A biker den full of burly, tattooed guys devoting themselves to extreme animal rescues? On the same channel that brought you “The Dog Whisperer?” Are you kidding?

I haven’t made such an easy call since I turned down Chiefs tickets.

Sure enough, when I screened this new reality series for my audience at “Watch the Pilots With Aaron” earlier this month, they were immediately taken by the show’s larger-than-life characters and ready-made drama. (It premieres at 9 p.m. Friday on the National Geographic Channel.)

In the scene I showed them, the group’s leader, a 320-pound Long Island, N.Y., native named Anthony Missano — whom everybody calls Big Ant — invites himself and his crew into the home of a shady fellow who, according to a tipster, has been mistreating his dog and might also be dealing drugs and packing heat.

But the owner is outnumbered, so he relents and calls the dog, Zeus, who bounds toward the boys happily. Big Ant starts looking around the house. The reality-show narrator informs us ominously that aside from a small cage, “there are no other signs a dog lives here.” Then the owner says, oh, I let Zeus run free in the basement. Big Ant asks to see the basement. And as they head downstairs … “Rescue Ink” goes to commercial.

“Awwwwwwwww!” the crowd groaned. I took that as proof that many viewers will find the combination of friendly pets, idiotic owners and white knights (dressed in black T-shirts and leather) irresistible.

The group Rescue Ink has only been in existence a couple of years, but it’s been riding a rocket ship, with more referrals than the guys can handle and piles of media attention, owing largely to their role in a high-profile case involving a kidnapped bulldog named Clara. Clara’s owner just happened to be Howard Stern’s girlfriend (now wife) Beth Ostrosky, and when news of the dog’s disappearance hit the street, so did Rescue Ink.

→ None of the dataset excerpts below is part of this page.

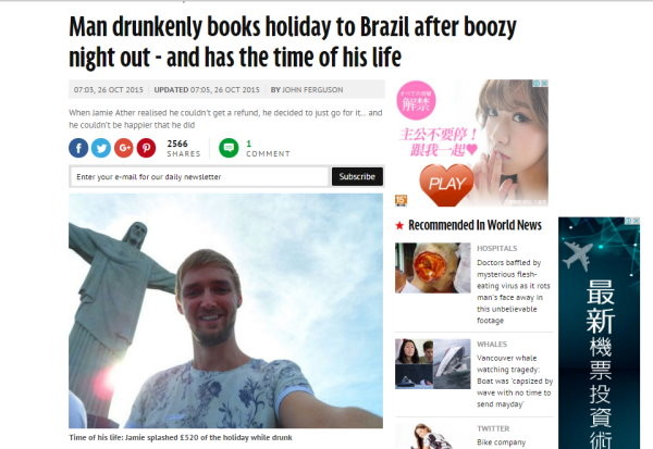 英國一名銀行職員,日前買機票要返家,當天卻喝得爛醉而買錯機票,酒醒之後發現自己竟然買了一張到巴西的航班,而且已經過了退票時限,他決定「將錯就錯」,來一趟南美之旅。
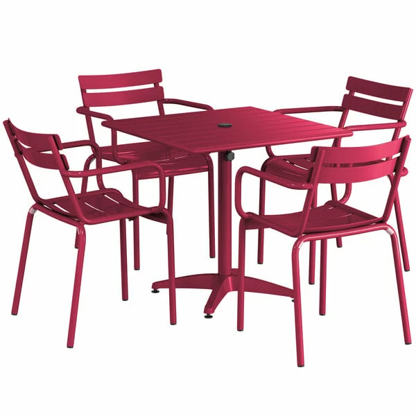 Lancaster Table & Seating 32″ X 32″ Sangria Powder-Coated Aluminum Standard Height Outdoor Table With Umbrella Hole And 4 Arm Chairs
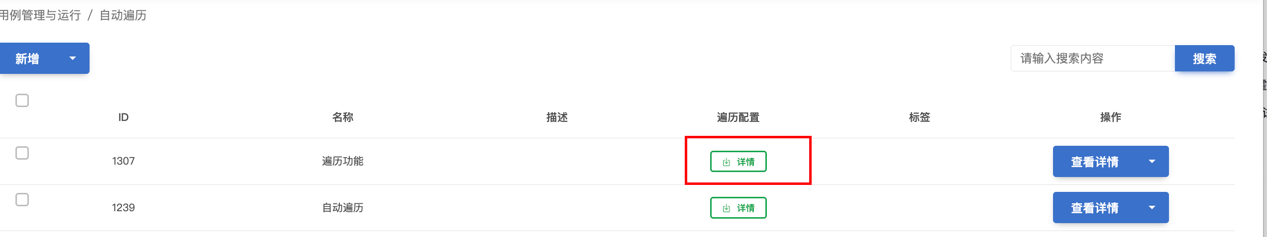 在【自动遍历】中找到配置,点击【查看详情】→【运行】

The members fanned out in the owner’s neighborhood — a still-dicey part of Manhattan — and before long two scam artists popped up with Clara. When they demanded that the owner give them a $5,000 reward, she got on the phone with Rescue Ink, which told her they were on their way to deal with those two chuckleheads. They split.

“We’re educated in the streets, and we tend to read people pretty fast,” said Joe Panz, whom I met along with Big Ant and two other Rescue Ink members this summer while they were promoting their show and companion book (also out this month).

“When we pull up to your house, we don’t pull up with a cop car,” said Big Ant. “We pull up as ourselves, on Harley-Davidsons, with our tattoos. So now the person comes out, he doesn’t even know what the hell we’re doing at first. All right? It’s confusion until he finds out our way, and what we want him to do, and what he’s gotta do.”

“Quite frankly, it’s exactly like this,” continued Joe. “If Rescue Ink shows up at your door, chances are you did something to bring us there. That’s all I got to say.”

Rescue Ink works with other animal welfare agencies, and they are big advocates of spaying, neutering and adopting from shelters.

Do not even start with them on pet stores.

“These puppy stores are promoting puppy mills, and puppy mills are heinous, heinous, they do unspeakable things,” said Joe.